Retype the lines below exactly, but only those from the line that has "英皇娱乐 领导班子2025年度党风廉政建设主体责任清单" through the line that has "Роза красная –". Omit every picture.

## Listed entries
== Segment start ==
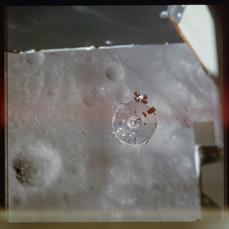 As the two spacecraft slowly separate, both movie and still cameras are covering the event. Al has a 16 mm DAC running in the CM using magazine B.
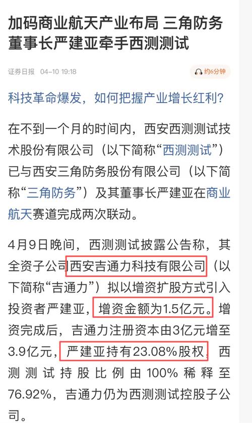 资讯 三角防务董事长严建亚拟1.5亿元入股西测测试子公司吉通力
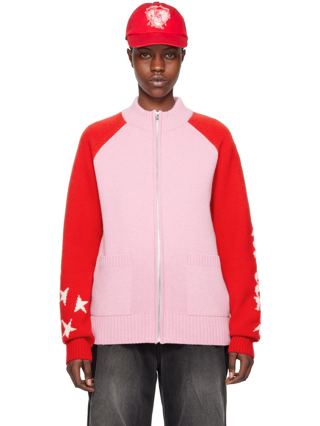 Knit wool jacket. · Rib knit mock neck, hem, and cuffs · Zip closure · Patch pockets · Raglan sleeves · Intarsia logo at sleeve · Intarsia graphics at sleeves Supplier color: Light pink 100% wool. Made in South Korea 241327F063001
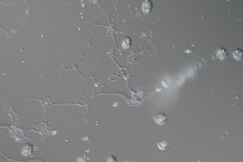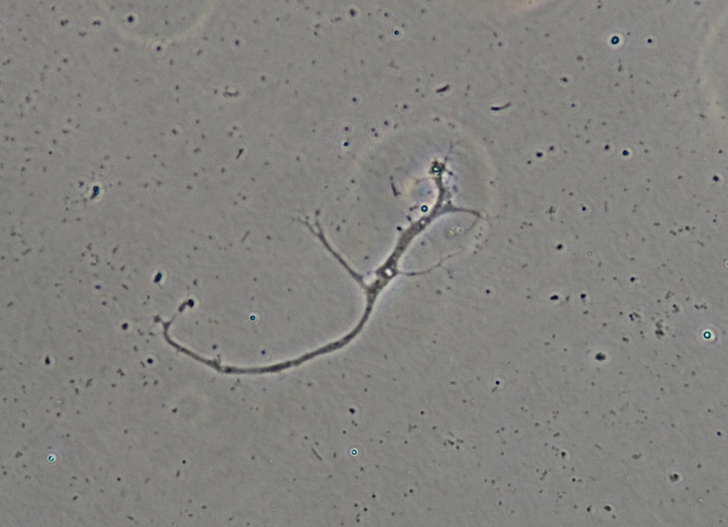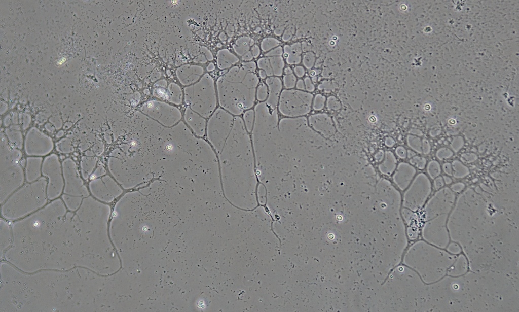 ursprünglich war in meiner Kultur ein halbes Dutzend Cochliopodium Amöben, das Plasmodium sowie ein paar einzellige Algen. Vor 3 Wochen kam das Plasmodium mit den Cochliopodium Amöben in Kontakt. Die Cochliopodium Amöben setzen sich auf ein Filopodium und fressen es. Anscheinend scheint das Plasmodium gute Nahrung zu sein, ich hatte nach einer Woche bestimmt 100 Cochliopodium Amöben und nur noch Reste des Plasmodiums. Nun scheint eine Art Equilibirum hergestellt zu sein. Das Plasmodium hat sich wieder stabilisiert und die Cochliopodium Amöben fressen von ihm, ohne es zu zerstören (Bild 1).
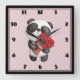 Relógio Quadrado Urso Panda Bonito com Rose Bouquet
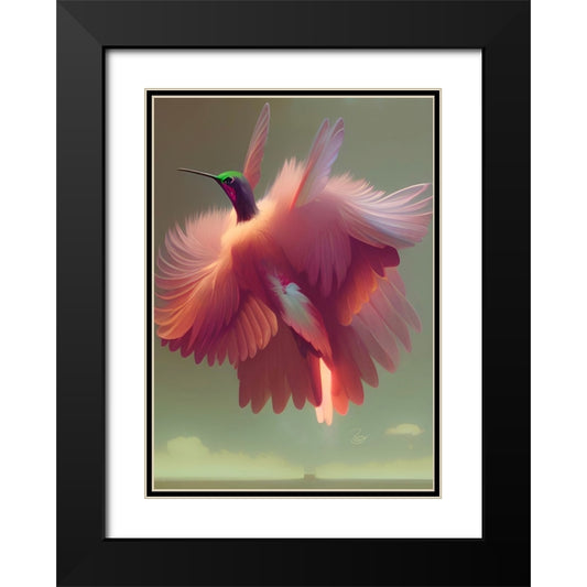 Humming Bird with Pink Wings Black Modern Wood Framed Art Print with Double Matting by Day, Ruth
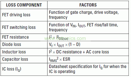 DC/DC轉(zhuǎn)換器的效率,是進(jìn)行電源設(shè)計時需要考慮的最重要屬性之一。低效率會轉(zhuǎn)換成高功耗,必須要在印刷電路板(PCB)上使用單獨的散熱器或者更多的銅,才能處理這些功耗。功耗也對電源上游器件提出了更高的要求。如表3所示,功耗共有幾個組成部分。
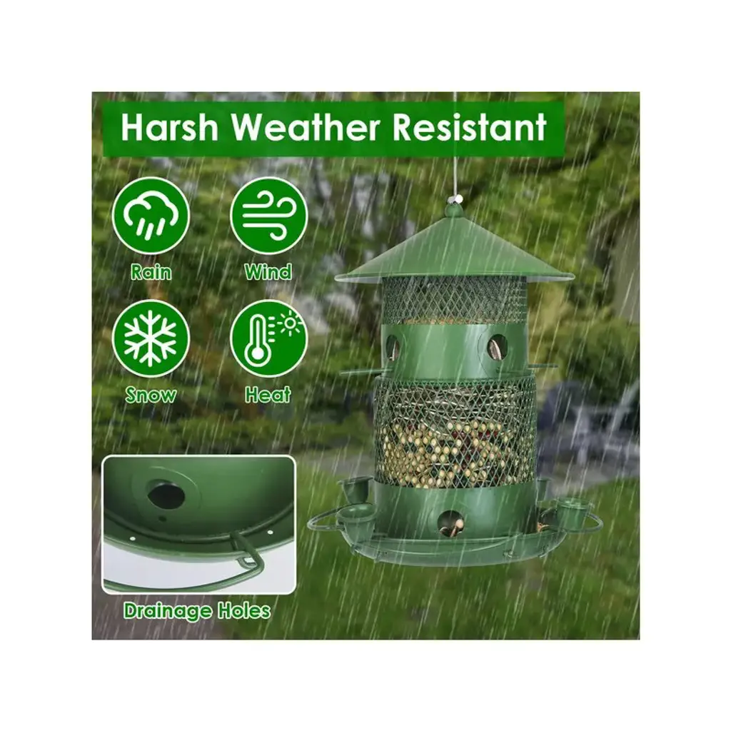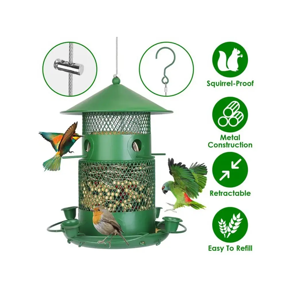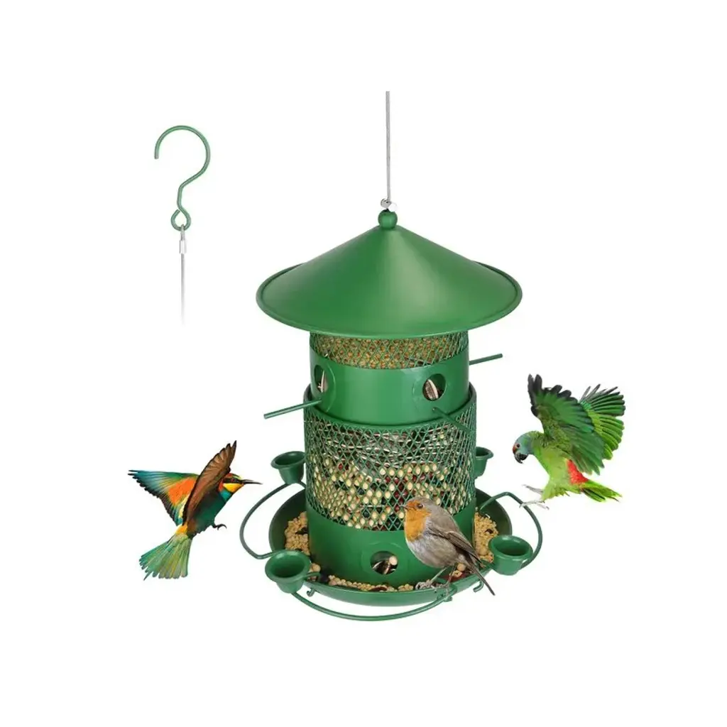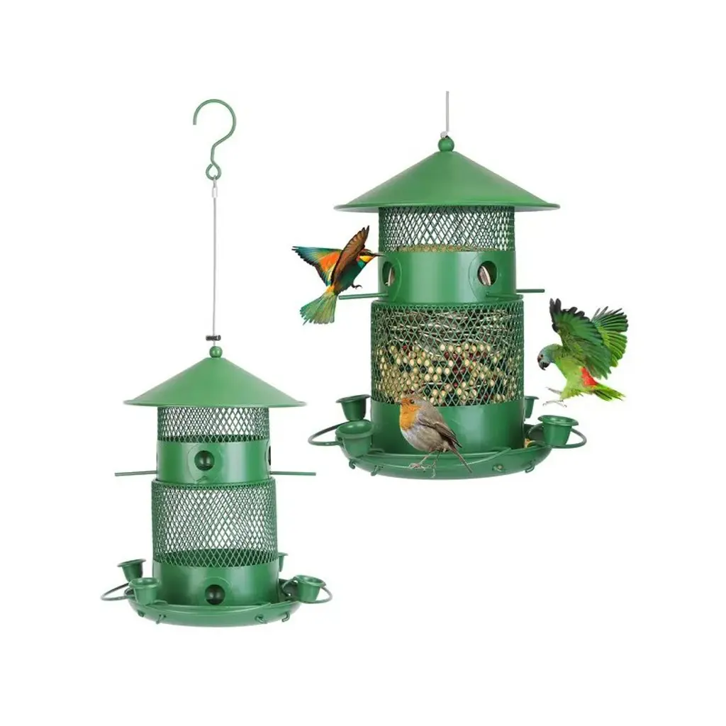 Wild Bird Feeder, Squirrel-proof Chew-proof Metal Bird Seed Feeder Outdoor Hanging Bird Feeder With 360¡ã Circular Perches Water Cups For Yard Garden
== Segment end ==
== Segment start ==
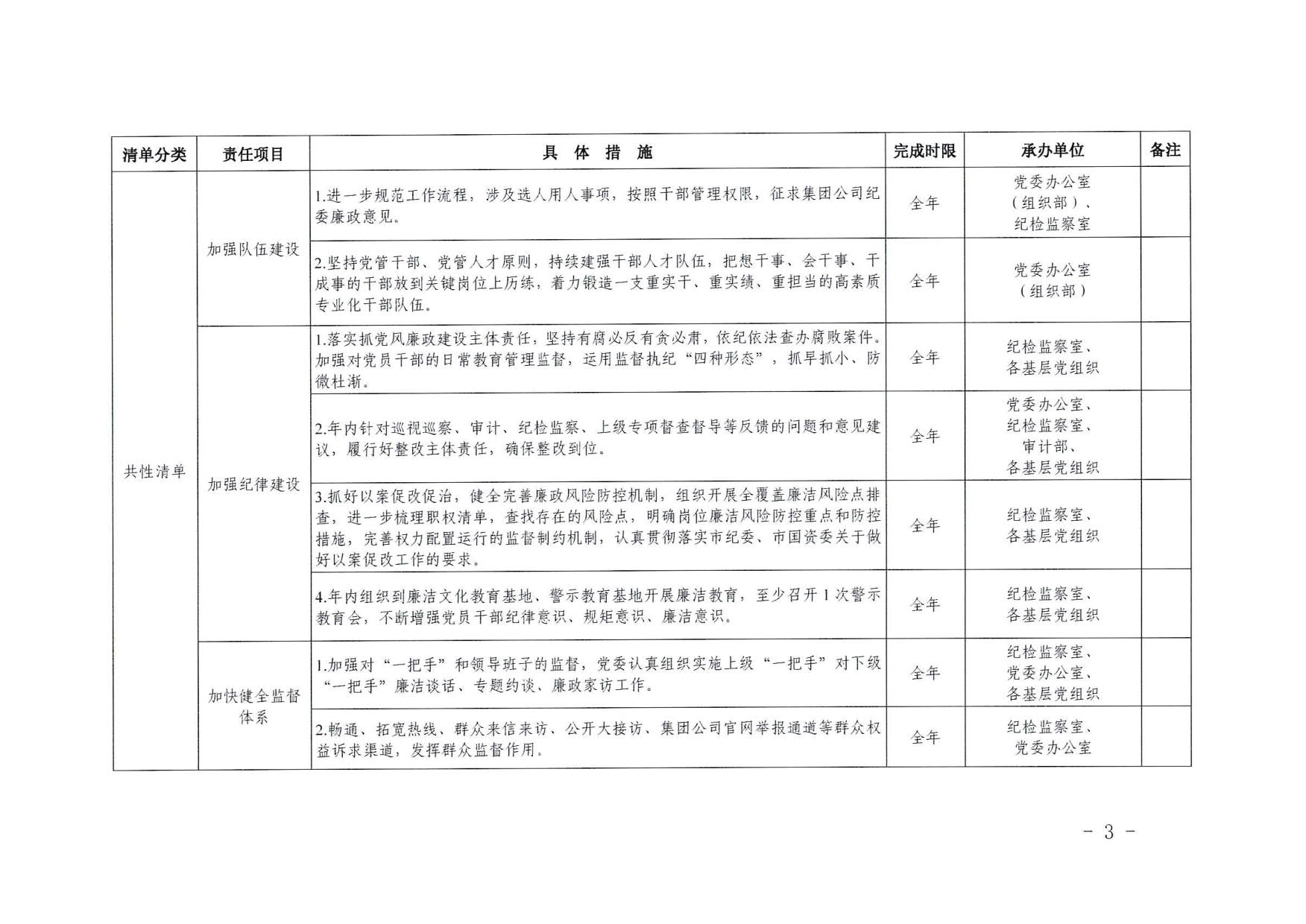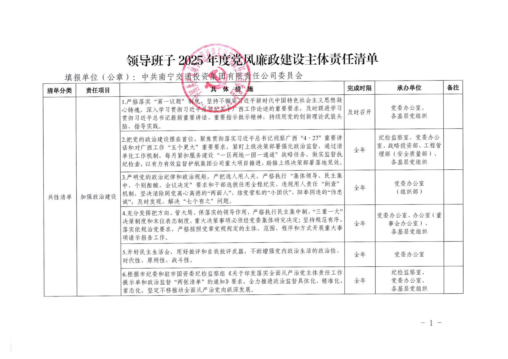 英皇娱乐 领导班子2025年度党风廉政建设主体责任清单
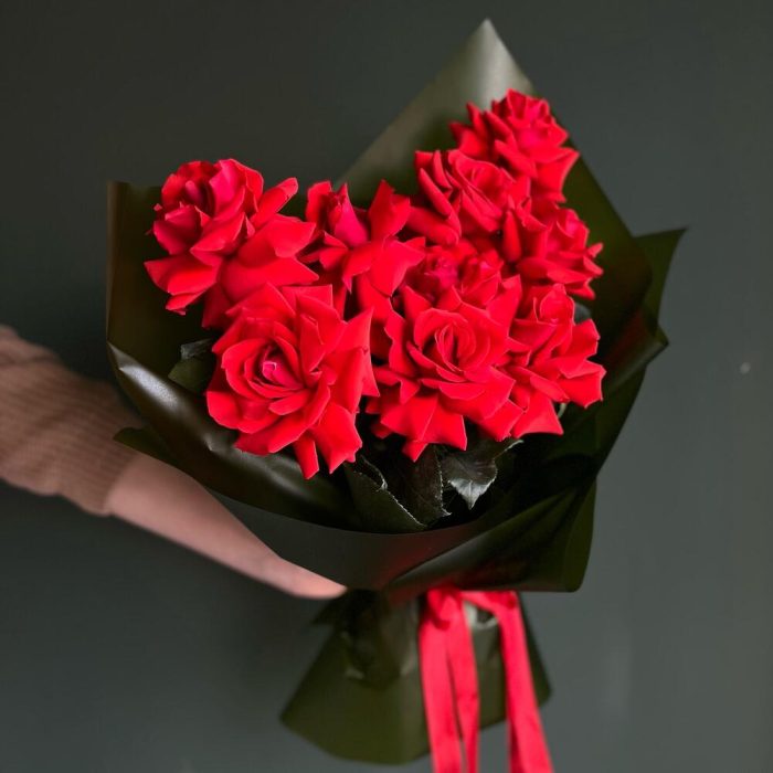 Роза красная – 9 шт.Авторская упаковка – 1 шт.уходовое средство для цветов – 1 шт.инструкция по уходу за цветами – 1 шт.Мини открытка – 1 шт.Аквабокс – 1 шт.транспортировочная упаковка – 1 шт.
== Segment end ==
## Task output
 英皇娱乐 领导班子2025年度党风廉政建设主体责任清单
 Роза красная – 9 шт.Авторская упаковка – 1 шт.уходовое средство для цветов – 1 шт.инструкция по уходу за цветами – 1 шт.Мини открытка – 1 шт.Аквабокс – 1 шт.транспортировочная упаковка – 1 шт.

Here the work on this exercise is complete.